The cover of former Defense Secretary Mark Esper’s memoir.

But instead of immediately resigning and letting the American people know that their president was a danger to the republic, here is what Esper did that day: He tried to placate Trump and then joined the president in posing for photographs outside St. John’s Church, across Lafayette Square from the White House, after federal agents had used chemical irritants and force to violently disperse peaceful protesters from the square.

A month later, when Esper was called before the House Armed Services Committee to explain how the military had been used to suppress dissent that day — and that night, when Black Hawk and Lakota helicopters swooped low over protesters in Washington, D.C., using winds from the rotor wash to instill terror — the defense secretary made no mention of Trump’s request to use potentially deadly force.

In that hearing, Rep. Adam Smith, the Democratic chair of the House Armed Services Committee, asked Esper and Gen. Mark Milley, the chair of the Joint Chiefs of Staff, to describe “what sort of conversations went on between the Department of Defense and the president and others in the White House” about Trump’s public threat to use active-duty soldiers to clear the streets.

Instead of answering that question, Esper offered bland assurances that the military, including 43,000 Army and Air National Guard personnel deployed in 33 states and the District of Columbia during “the civil unrest” after Floyd’s murder, was committed to “remaining apolitical” and ensuring that “our fellow Americans have the ability to peacefully exercise their First Amendment rights.”

US Attorney General William Barr (L) and US Defense Secretary Mark Esper walk around downtown Washington, DC during curfew on June 1, 2020. - Police fired tear gas outside the White House late Sunday as anti-racism protestors again took to the streets to voice fury at police brutality, and major US cities were put under curfew to suppress rioting.With the Trump administration branding instigators of six nights of rioting as domestic terrorists, there were more confrontations between protestors and police and fresh outbreaks of looting. Local US leaders appealed to citizens to give constructive outlet to their rage over the death of an unarmed black man in Minneapolis, while night-time curfews were imposed in cities including Washington, Los Angeles and Houston. (Photo by ROBERTO SCHMIDT / AFP) (Photo by ROBERTO SCHMIDT/AFP via Getty Images)

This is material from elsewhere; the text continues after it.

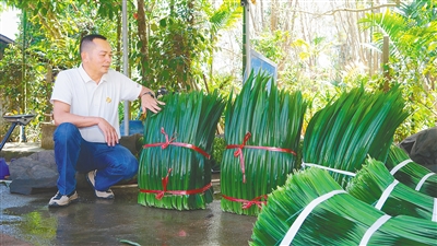 万宁斑兰产业致富带头人王有光清点打包好的斑兰叶。

Attorney General William Barr and Defense Secretary Mark Esper inspect the work of federal security forces in Washington, D.C., on June 1, 2020.

Photo: Roberto Schmidt/AFP via Getty Images

Esper — who said last year that he was writing his book because the “American people deserve a full and unvarnished accounting of our nation’s history, especially the more difficult periods” — told the New York Times this week that he had concluded that Trump “is an unprincipled person who, given his self-interest, should not be in the position of public service.”

Given that his firsthand experience of Trump led him to this view, it is important to ask why Esper chose not to reveal that the president he served had wanted to turn the military on the people when it might have made a real difference — either before the 2020 election, when it might have dented Trump’s chances of winning, or just after it, when Trump fired him and put loyalists in charge of the Pentagon before urging his own supporters to disrupt the certification of his loss.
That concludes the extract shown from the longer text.